Before writing anything, find the line that contains "عن ابن بريدة", then retype the entries below exactly from their first line through that one, without pictures.

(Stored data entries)
☆ ☆ ☆
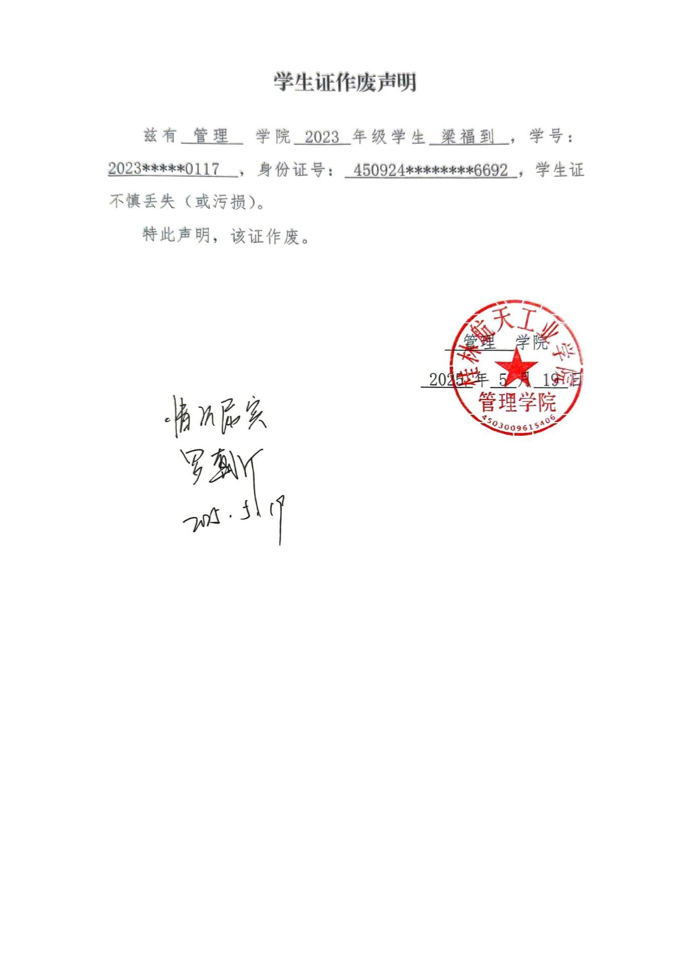 梁福到学生证作废声明
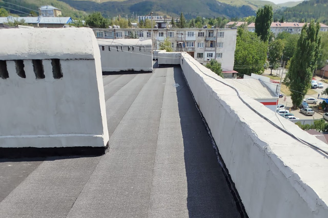 Подрядчики демонтировали старое покрытие, выровняли основание и уложили три слоя современных кровельных материалов. Также были полностью восстановлены парапеты и водосточная система.
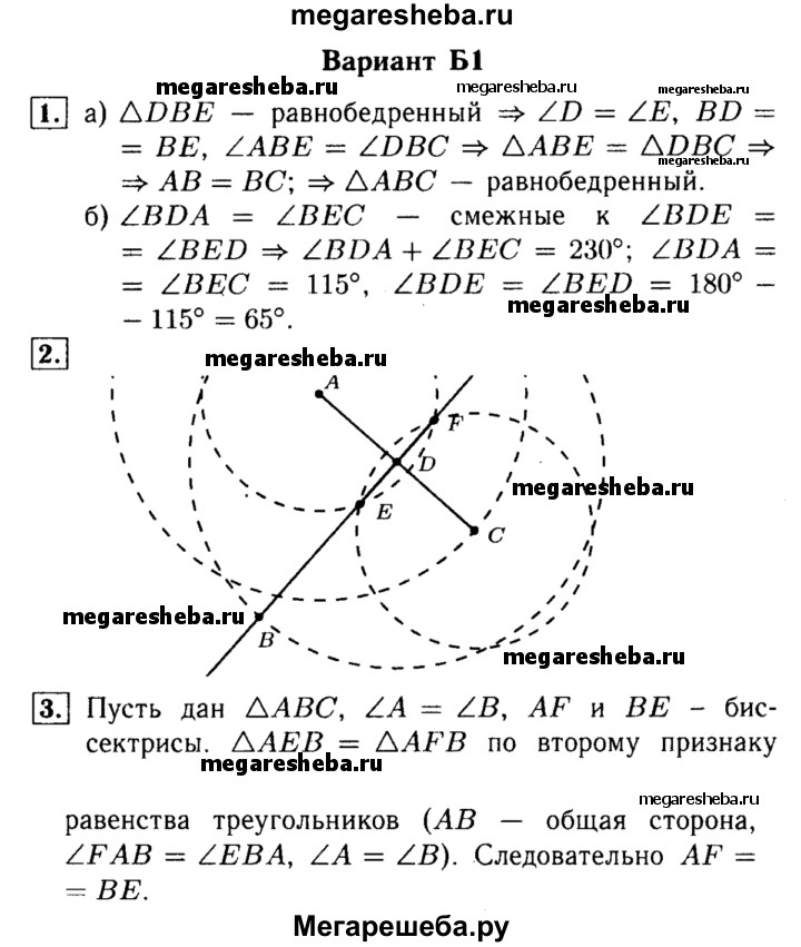ГДЗ по алгебре 7 класс Ершова самостоятельные и контрольные работы геометрия Атанасян контрольная работа КА-2 - Б1
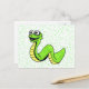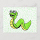 Detta vykort har en glad, tecknad orm som är ljusgrön och gul på en vit bakgrund med livligt gröna prickar.
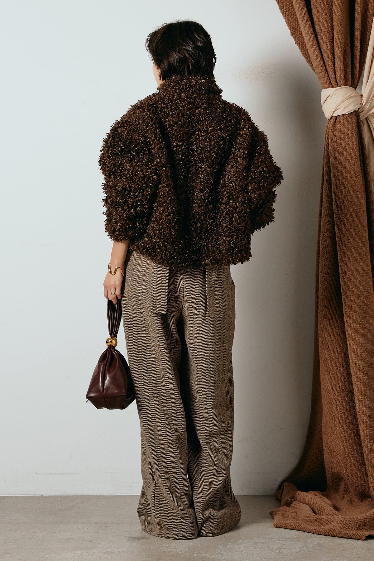 軽やかで柔らかな着心地ながら、存在感のある質感が冬の装いに温もりを添えます。
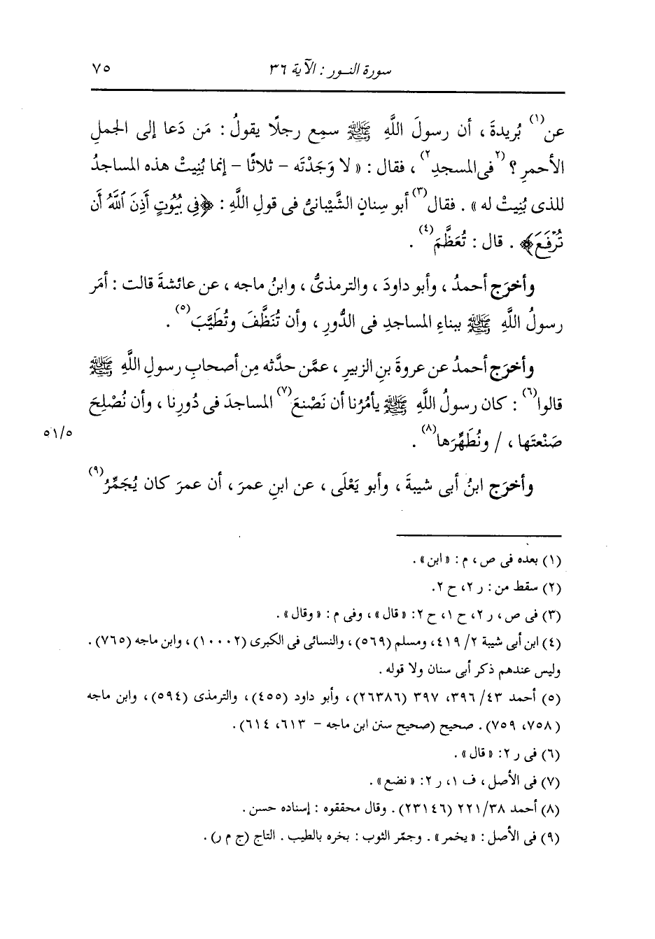 عن ابن بريدة ان رسول الله صلى الله عليه وسلم سمع رجلا يقول : من دعا إلى الجمل الأحمر في المسجد فقال : لا وجدته ثلاثا إنما بنيت هذه المساجد للذي بنيت له : وقال أبو سنان الشيباني في قوله {في بيوت أذن الله أن ترفع} قال : تعظم.
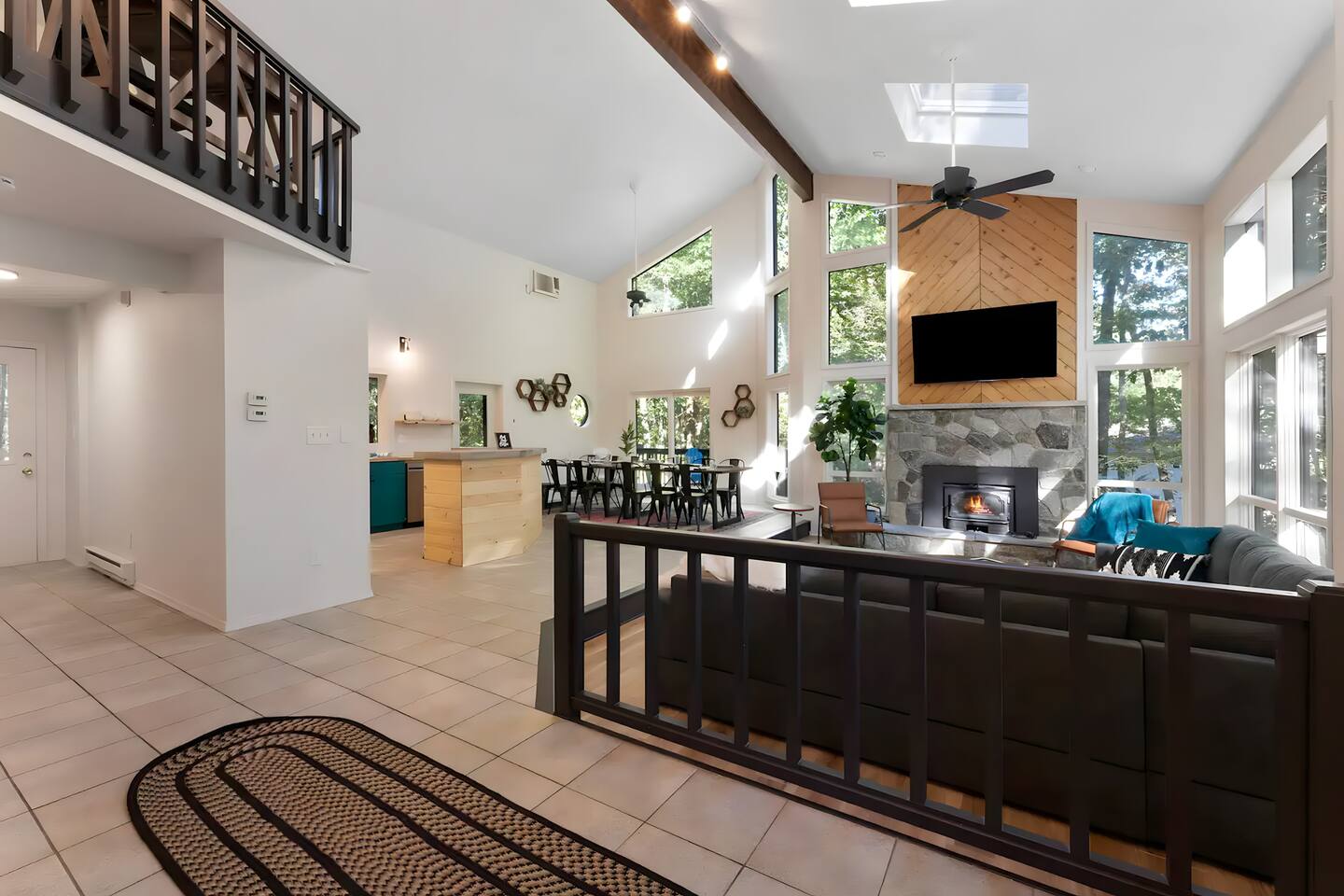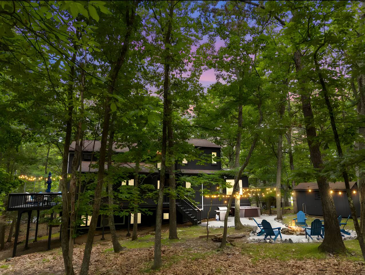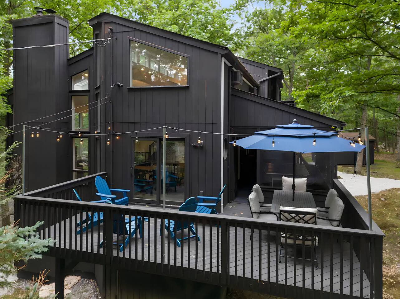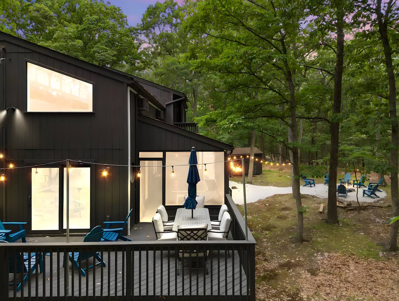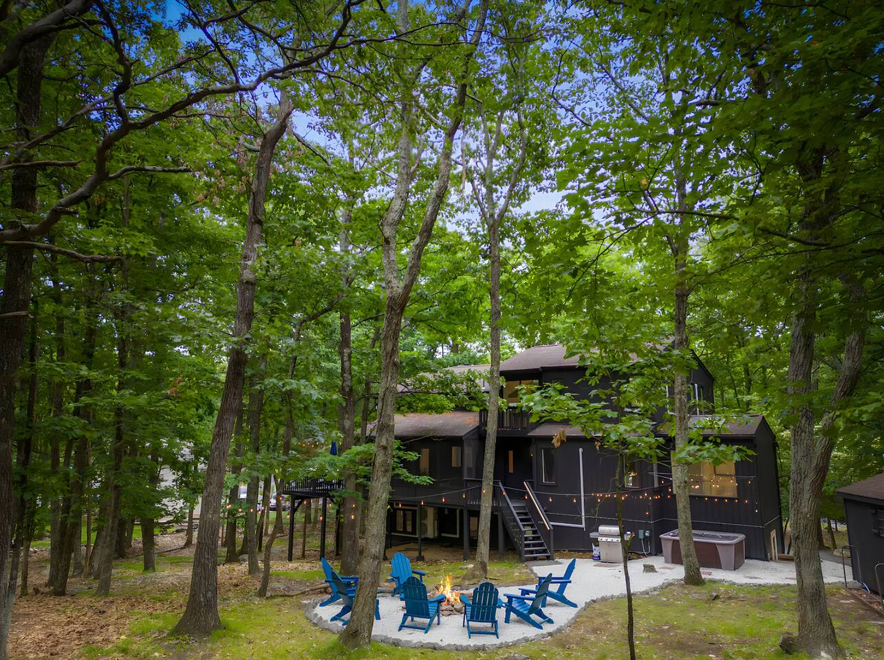 **During the summer months (Memorial Day weekend - Labor Day weekend), you will receive amenity badges that allow you to access the following amenities. If you’re staying with us outside of these dates, these amenities will be closed.** ☀ Lakes (with beach access - swimming allowed!) ☀ Pools ☀ Tennis courts ☀ Basketball courts ☀ Volleyball courts ☀ Dog park ☀ Playground areas KEY FEATURES: ☀ 5 beautiful bedrooms with comfortable beds; 1 king, 4 queens ☀ 4 full bathrooms; one on every floor! ☀ Completely remodeled kitchen with new, modern appliances ☀ Absolutely stunning living area; high vaulted ceilings & tons of comfy seating ☀ Enough dining space for a whole village; seating up to 12! ☀ Massive back deck with tons of seating & outdoor grill ☀ Screened-in porch with ping pong ☀ Speakeasy-themed lower level with wet bar, dining, & pool table ☀ Bonus game room with arcade games right off of the speakeasy! ☀ Additional fun loft with foosball & air hockey! Here Are A Few Kind Words From Our Past Guests: “This was a great place to stay! The morning light through the windows was so beautiful. Overall, just a relaxing experience. The hosts were super responsive whenever I had a question. I would stay again!” - Emily “Sabrina was very accommodating and communicative. the house is beautiful and very comfortable, close to nature hikes.” - Jennifer “This place was lovely! Exactly as pictured! Very clean and excellent host experience!!! I plan to come back again!” - Regina ☆☆ BEDROOMS ☆☆ This home has five bedrooms spread across all floors. On the main level, the master bedroom is equipped with a king bed & master ensuite, with large windows & breathtaking views of the surrounding Poconos nature. Right down the hall is the second bedroom, with one queen bunkbed & access to a hallway bathroom. Just upstairs, you will find one bedroom with two queen beds & another with one queen bed. These two bedrooms share one full bathroom right across the hallway. ☆☆ BATHROOMS ☆☆ You will have bathroom access on each floor of this massive house! Right off of the speakeasy on the bottom floor, you will find one of the full bathrooms. On the second level, the master bedroom has its own private ensuite bathroom, with a separate tub & standing shower. Right down the hallway from the master is another modern, full bathroom. On the top level, the two bedrooms share yet another beautiful, completely remodeled full bathroom. ☆☆ KITCHEN & DINING ☆☆ The majority of the main level is dedicated to the central living area of the home, which includes the kitchen & dining in the complete open concept. The unique, turquoise kitchen has been completely renovated to include modern appliances and a fun, colorful design! Adjacent to the kitchen, you will find the dining area, equipped with a humungous table with enough seating to accommodate 12! On top of all this space, you are surrounded by panoramic views of the serene, peaceful woodlands. ☆☆ LIVING ROOM ☆☆ The "WOW" factor of the house! This living room is one of a kind - super high vaulted ceilings, walls of windows, massive TV, comfy seating, and gorgeous design. This room is the epitome of getting to experience the Poconos; you will stay cozy and comfy inside, while getting to enjoy all of the stunning views that surround this house right from the living room! ☆☆ LOUNGE AREAS ☆☆ Beyond the main living room, you will have your choice of three additional living spaces to entertain! Downstairs, the entire bottom floor has been converted into a speakeasy-style space. A pool table, wet bar, poker set, and space for dining & drinking is all at your fingertips here! You will not find another home in the Poconos that will give you an experience like this space here. Right beyond the speakeasy, you will enter a game room, filled with entertainment like arcade games, pop-a-shot basketball hoops, and a large smart TV with comfy bean bag seating. On the complete opposite wing of the house, when you enter the third level, you are greeted with a unique loft space. This loft boasts an amazing Poconos-themed mural, air hockey, foosball, and a dedicated workspace - all while overlooking the amazing living area below. Truly a must-see to experience this home's beauty! ☆☆ OUTDOOR SPACE ☆☆ What would the Poconos be without a killer outdoor area? To stay protected from the bugs that come along with the beautiful Poconos nature, consider staying inside the screened-in porch while enjoying a game of ping pong. Wanting to get the full nature experience? Venture out onto the large deck to grill a full-course meal for your family and friends, or enjoy a cup of coffee in the vast amounts of seating offered out here! Just down the steps of the deck, you are greeted by even more amenities. The hot tub is tucked away in the corner of the lot, so that you will have true privacy as you relax with panoramic views surrounding you. Beyond the hot tub, you can follow the path down to our wood-burning fire pit, hidden back in the woods where you will have complete privacy. Even though this home is in the residential neighborhood of Penn Estates, this lot is right on the corner of a cul-de-sac, so you will feel completely separated from the surrounding neighbors! ★☆ Book Now & Let Us Take Care Of You In The Poconos! ☆★
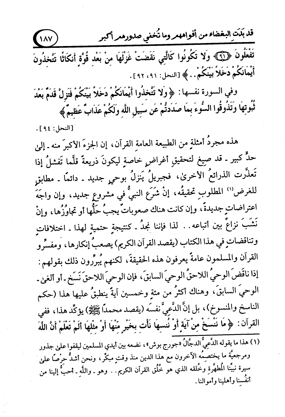 هذه مجردُ أمثلةٍ من الطبيعة العامةِ القرآن، إن الجزءَ الأكبرَ منه -إلى حدٍّ كبير- قد صِيغ لتحقيقِ أغراضٍ خاصةٍ ليكونَ ذريعةً قلَّما تَفشلُ إذا تَعذَّرَت الذرائعُ الأخرى، فجبريلُ يَنزلُ بوحيٍ جديد -دائمًا- مطابقٍ للغرض (¬1) المطلوبِ تحقيقُه، إنْ شَرعَ النبيُّ في مشروعٍ جديد، وإن واجَهَ اعتراضاتٍ جديدةً، وإن كانت هناك صعوباتٌ يجبُ حَلُّها أو تجاوُزُها، وإنْ نَشَبَ نزاعٌ بين أتباعه .. لذا فإننا نجدُ -كنتيجةٍ حتميةِ لهذا- اختلافاتٍ وتناقضاتٍ في هذا الكتاب (يقصد القرآن الكريم) يصعبُ إنكارها، ومفسِّرو القرآن والمسلمون عامةً يعرفون هذه الحقيقةَ، لكنهم يُبرِّرون ذلك بقولهم: إذا ناقَضَ الوحيُ اللاحقُ الوحيَ السابقَ، فإن الوحيَ اللاحقَ نَسَخ -أو ألغى- الوحيَ السابقَ، وهناك أكثرُ من مئةِ وخمسين آيةً ينطبقُ عليها هذا (حكم الناسخ والمنسوِخ)، بل إنَّ الدَّعِيَّ نفسَه (يقصد محمدًا - صلى الله عليه وسلم -) يؤكِّدُ هذا، ففي القرآن: {مَا نَنْسَخْ مِنْ آيَةٍ أَوْ نُنْسِهَا نَأْتِ بِخَيْرٍ مِنْهَا أَوْ مِثْلِهَا أَلَمْ تَعْلَمْ أَنَّ اللَّهَ
☆ ☆ ☆
- _SOLUTION_
 梁福到学生证作废声明
 Подрядчики демонтировали старое покрытие, выровняли основание и уложили три слоя современных кровельных материалов. Также были полностью восстановлены парапеты и водосточная система.
ГДЗ по алгебре 7 класс Ершова самостоятельные и контрольные работы геометрия Атанасян контрольная работа КА-2 - Б1
 Detta vykort har en glad, tecknad orm som är ljusgrön och gul på en vit bakgrund med livligt gröna prickar.
 軽やかで柔らかな着心地ながら、存在感のある質感が冬の装いに温もりを添えます。
 عن ابن بريدة ان رسول الله صلى الله عليه وسلم سمع رجلا يقول : من دعا إلى الجمل الأحمر في المسجد فقال : لا وجدته ثلاثا إنما بنيت هذه المساجد للذي بنيت له : وقال أبو سنان الشيباني في قوله {في بيوت أذن الله أن ترفع} قال : تعظم.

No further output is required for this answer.